How chaos theory connects two seemingly different areas of physics

Particle thermometer

One of the particles acts as a “thermometer,” and the entire system is simulated on a computer. Credit: TU Wien

A new study at TU Wien reveals how chaos theory links quantum theory and thermodynamics, two seemingly separate areas of physics.

A single particle does not have a temperature, it only has a certain energy or speed. A well-defined temperature can only be derived when many particles with random velocity distributions are present.

The relationship between thermodynamics and quantum physics has been the subject of increasing interest in recent years. Researchers at TU Wien used computer simulations to investigate this relationship, and found that chaos plays an important role. Simulations indicate that the laws of thermodynamics can only be derived from quantum physics when chaos is present.

Boltzmann: Anything is possible, but it may also be improbable

Air particles flying randomly in a room can assume an unimaginable number of different states: different positions and different speeds are allowed for each individual particle. But not all of these countries are equally likely. says Professor Eva Brezinova of the Institute for Theoretical Physics at TU Wien. “But this is so unlikely that it will not be noticed in practice.”

The probabilities of different allowable states can be calculated – according to the formula developed by the Austrian physicist Ludwig Boltzmann according to the rules of classical physics. And from this probability distribution the temperature can also be read: it is determined only for a large number of particles.

The whole world as a single quantum state

However, this causes problems when dealing with quantum physics. When a large number of quantum particles are in play at the same time, the equations of quantum theory become so complex that even the best supercomputers in the world have no chance of solving them.

In quantum physics, individual particles cannot be considered independently of each other, as is the case with classic billiard balls. Each billiard ball has its own individual path and individual location at each point in time. On the other hand, quantum particles are not individual – they can only be described together, in one large quantum wave function.

“In quantum physics, the entire system is described by one large multiparticle quantum state,” says Professor Joachim Burgdorfer (TU Wien). “How the random distribution and thus temperature should arise from this has long been a mystery.”

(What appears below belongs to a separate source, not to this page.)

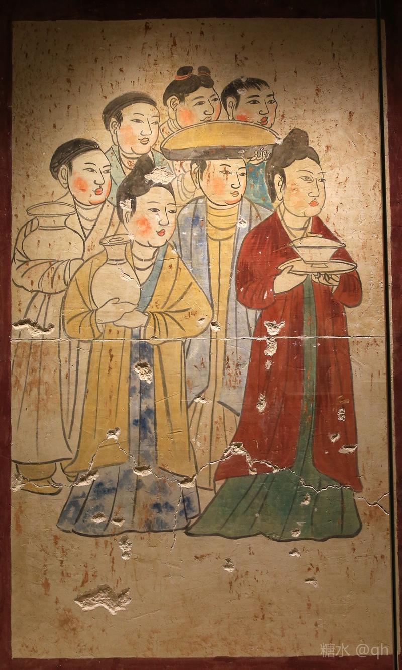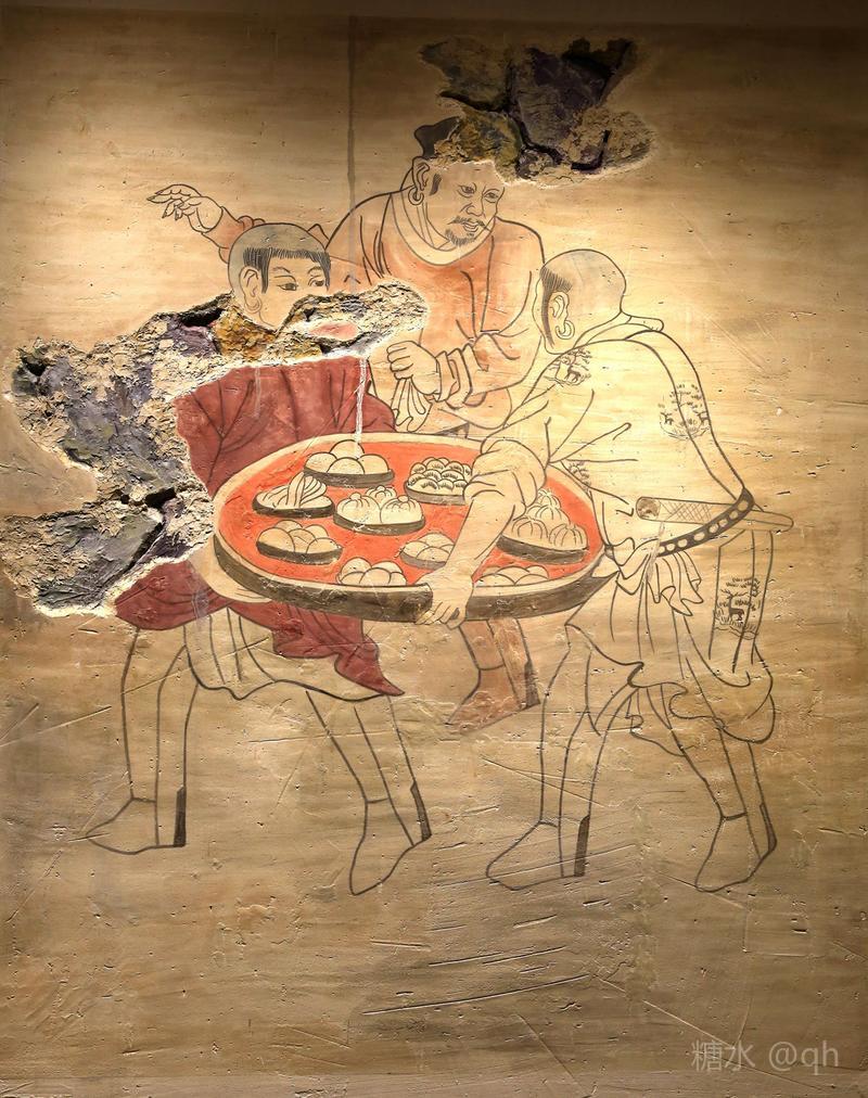 辽墓壁画:备食图。契丹人当时伙食不错,馒头,包子,花卷儿。除面食外,辽代粒食法还有很多,有水饭,干饭,粥饭,炒米等。

Chaos theory as a mediator

A team at TU Wien has now been able to show that chaos plays a major role. To do this, the team ran computer simulations of a quantum system made up of a large number of particles — many indistinguishable (“thermal bath”) and one of a different type of particle, the “sample particle” whose thermometer operates. Each individual quantum wavefunction of a large system has a specific energy, but not a well-defined temperature – just like an individual classical particle. But if you now choose a sample particle from the single quantum state and measure its velocity, you can surprisingly find a velocity distribution corresponding to a temperature that fits well-established laws of thermodynamics.

“It depends on whether it is messy or inappropriate – this is clearly shown by our calculations,” says Iva Brezinova. “We can specifically change the interactions between particles on the computer and thus create either a completely chaotic system, or a system that shows no chaos at all — or anything in between.” In doing so, one finds that the presence of chaos determines whether or not the quantum state of a sample particle exhibits a Boltzmann temperature distribution.

“Without making any assumptions about random distributions or thermodynamic rules, thermodynamic behavior arises from quantum theory alone — if the combined system of sample particles and the thermal bath behaves quantum chaotically. Joachim Burgdorfer explains how such behavior fits the well-known Boltzmann equations and is determined by chaos power.

This is one of the first cases in which the interaction of three important theories has been rigorously demonstrated by computer simulations of many particles: quantum theory, thermodynamics, and chaos theory.

Reference: “Canonical Density Matrices from Eigenstates of Mixed Systems” By Mehdi Korebaz, Stefan Donsa, Fabian Lackner, Joachim Burgdorfer, Eva Bezinova, November 29, 2022, Available here. entropy.